The managing director of the International Monetary Fund (IMF), Christine Lagarde, has once again urged the federal government to embark on structural reforms of Nigeria’s economy in order to move the nation forward. Lagarde in her remarks at a session with local and foreign journalists yesterday in Bali, Indonesia, at the ongoing IMF/World Bank Meetings, said these reforms include making Nigeria’s ailing refineries work so that the country can channel its funds for better economic activities. Nigeria has four refineries, with a combined capacity to refine 445,000 barrels per day, but only function at less than 30 per cent capacity. Lagarde also advised Nigeria to tightens its monetary policies and increase non-oil revenue by engaging in mobilisation of domestic revenue generation.
A recent report by the IMF revealed that tighter monetary policy and moderation in food price increases contributed to tapering inflation in Nigeria. ‘‘Inflation is projected to fall to 12.4 per cent in 2018, from 16.5 per cent in 2017, and to rise to 13.5 per cent in 2019,” the report read in part. The IMF boss also decried the nation’s current earnings from its non-oil revenue which she said was just five per cent of the country’s gross domestic production (GDP). ‘‘This is too low relative to where Nigeria should be in order to address issues of health, education and infrastructure,’’ she said. Meanwhile, Lagarde also warned countries around the world of the perils of a trade or a currency war, saying they could be detrimental to global growth and hurt “innocent bystanders.”
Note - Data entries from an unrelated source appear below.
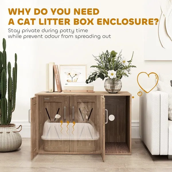 - - Privacy for Your Cat, Cleanliness for You: Give your cat the secluded potty space they deserve. This hidden kitty litter enclosure ensures odor control and a private, stress-free experience, while its spacious interior fits most standard litter boxes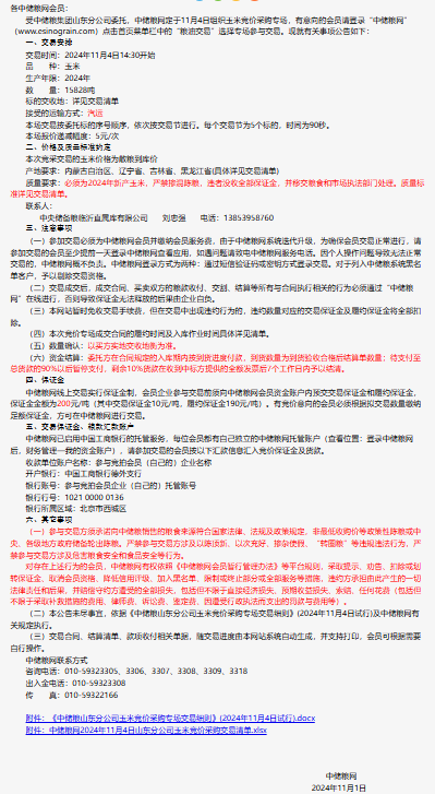 2024年11月4日中儲糧山東分公司玉米競價采購專場公告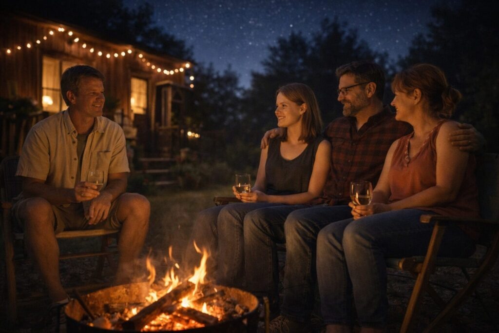 Вечером, когда дети уснули в домике, взрослые сидели у костра.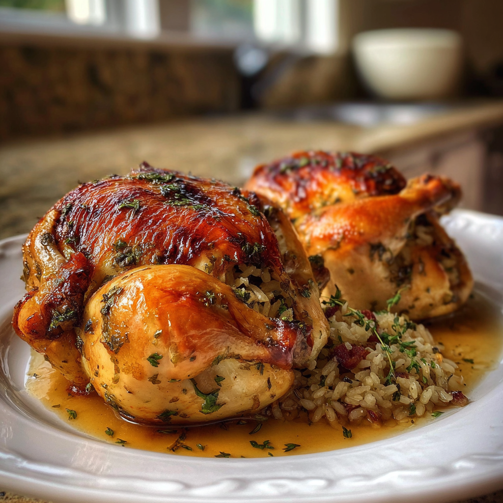 Cornish game hens / dinner ideas / holiday meals / roasted chicken / savory stuffing / special occasions / stuffed recipes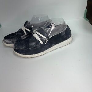 Casual slip-on style shoes featuring a dark tie-dye/washed black canvas upper and contrasting white laces. They have a lightweight, flexible white sole and a relaxed, comfortable design. The shoes include soft inner lining for added comfort and are displayed with clear inserts to show structure. Great for everyday wear with a laid-back, easygoing look.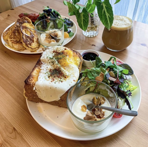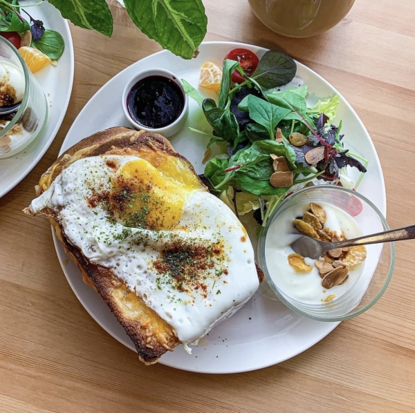 店內幾乎每一桌都有點這盤!內含炭烤里肌豬肉、起司、自製白醬、太陽蛋、水果、貝比沙拉、堅果以及自製果醬優格!(Instagram照片授權:bo__food)

She urged countries to “de-escalate” trade frictions and fix global trading rules, rather than abandon them.
“We certainly hope we don’t move in either direction of a trade war or a currency war. It will be detrimental on both accounts for all participants, Lagarde told a news conference during the annual meetings of the IMF and World Bank in Indonesian resort island of Bali. China and the United States have slapped tit-for-tat tariffs over the past few months, rattling financial markets as investors worried the escalating trade war could knock global trade and investment.” On recent yuan declines, Lagarde said they were mainly driven by the strength of the dollar, noting that it has not depreciated as much against a basket of currencies. “We’re seeing more and more countries, China included, let their currencies fluctuate,” Lagarde said.